URI Professor of Economics Len Lardaro leads December 2008 chat
Right now, most of us are overwhelmed. Unemployment rates are high and growing higher, credit is at a standstill, and the value of our homes and our 401(k) accounts is in freefall. How do we begin to think about this economic crisis and what can we do to survive the storm?
On Tuesday, December 16, at 1:30 p.m. Len Lardaro, professor of economics, author, and commentator, joined us for a Web chat, and responded to your questions about the state of the economy in Rhode Island and beyond.
Professor of Economics Len Lardaro has been on the faculty at the University of Rhode Island since 1981. His courses emphasize the application of economics to current events, and his research centers on the econometric analysis of labor markets.

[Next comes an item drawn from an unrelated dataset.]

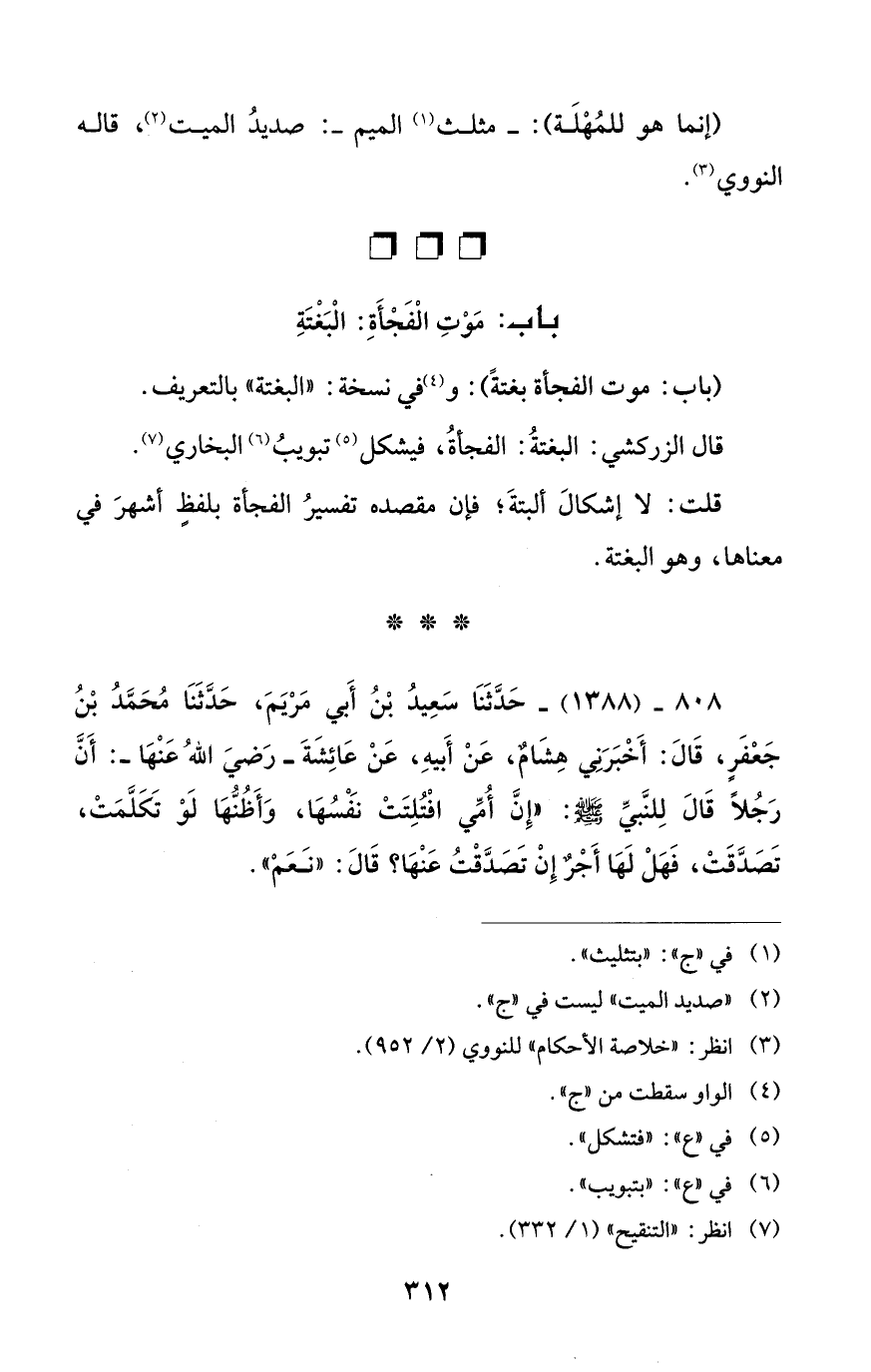 (باب: موت الفجأة بغتةً): و (¬4) في نسخة: "البغتة" بالتعريف.

Since 1991, Professor Lardaro has been forecasting the Rhode Island economy, focusing on its labor and housing markets, demographic factors, and the income created by the state's economy. In 1995, he formulated and began to publish the Current Conditions Index (CCI) for Rhode Island, a monthly indicator of the present state of the economy. A regular contributor to the Providence Journal, he is the author of Applied Econometrics.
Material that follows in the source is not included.